If this statement is filed pursuant to Rule 13d-1(b), check this box. X

Page 2 of 3 pages

ITEM 4. Ownership

Provide the following information regarding the aggregate number and
Percentage of the class of securities of issuer identified in Item 1.
(a) Amount beneficially owned: 9,414,843
Including 0 shares where there is a Right to Acquire.
(b) Percent of class: 6.9 %
(c) Number of shares as to which such person has:
(i) Sole power to vote or to direct the vote: 9,414,843
(ii) Shared power to vote or to direct the vote: 0
(iii) Sole power to dispose or to direct the disposition of: 9,414,843
(iv) Shared power to dispose or to direct the disposition of: 0

ITEM 5. Ownership of Five Percent or Less of a Class.

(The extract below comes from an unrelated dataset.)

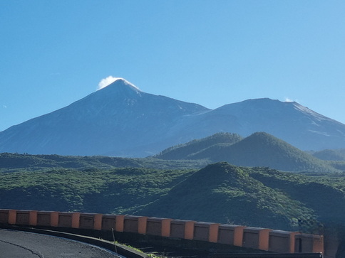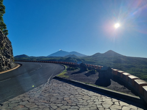 | Teneriffa Santiago del teide Teide volcano mit Baskenmütze | Teneriffa Santiago del teide Mirador del Teide Montanas Negras |

NOT APPLICABLE

If this statement is being filed to report the fact that as of the date
hereof the reporting person has ceased to be the beneficial owner of more
than five percent of the class of securities, check the following. ( )

ITEM 6. Ownership of More than Five Percent on Behalf of Another Person.

Security Capital Research & Management Inc. is the beneficial owner of 9,414,843 shares of the
issuer's common stock on behalf of other persons known to have one or more of
the following:
the right to receive dividends for such securities;
the power to direct the receipt of dividends from such securities;
the right to receive the proceeds from the sale of such securities;
the right to direct the receipt of proceeds from the sale of such securities;
No such person is known to have an interest in more than 5% of the class of
securities reported herein unless such person is identified below.
9,405,393 of the 9,414,843 Shares Beneficially owned by SCR&M, representing 6.9% of the class of securities, are owned by Security Capital Preferred Growth Incorporated.
Item 7.
Security being reported on by the Parent Holding Company.
Not Applicable
Item 8.
Not Applicable
Item 9.
Not Applicable

ITEM 10. Certifications

By signing below I certify that, to the best of my knowledge and belief,
the securities referred to above were not acquired and are not held for the
purpose of or with the effect of changing or influencing the control of the
issuer of the securities and were not acquired and are not held in connection
with or as a participant in any transaction having that purpose or effect.

Page 3 of 3 pages

SIGNATURE
After reasonable inquiry and to the best of my knowledge and belief, I certify that the
information set forth in this statement is true, complete and correct.
Dated: FEBRUARY 15,2005
By: /s/ Genine M. Dawczak
--------------------------------------
Genine M. Dawczak
Assistant Controller
The original statement shall be signed by each person on whose behalf the statement
is filed or his authorized representative. If the statement is signed on behalf of
a person by his authorized representative (other than an executive officer or general
partner of the filing person), evidence of the representative's authority to sign on
behalf of such person shall be filed with the statement, provided, however, that a
power of attorney for this purpose which is already on file with the commission may
be incorporated by reference. The name and any title of each person who signs the
the statement shall be typed or printed beneath his signature.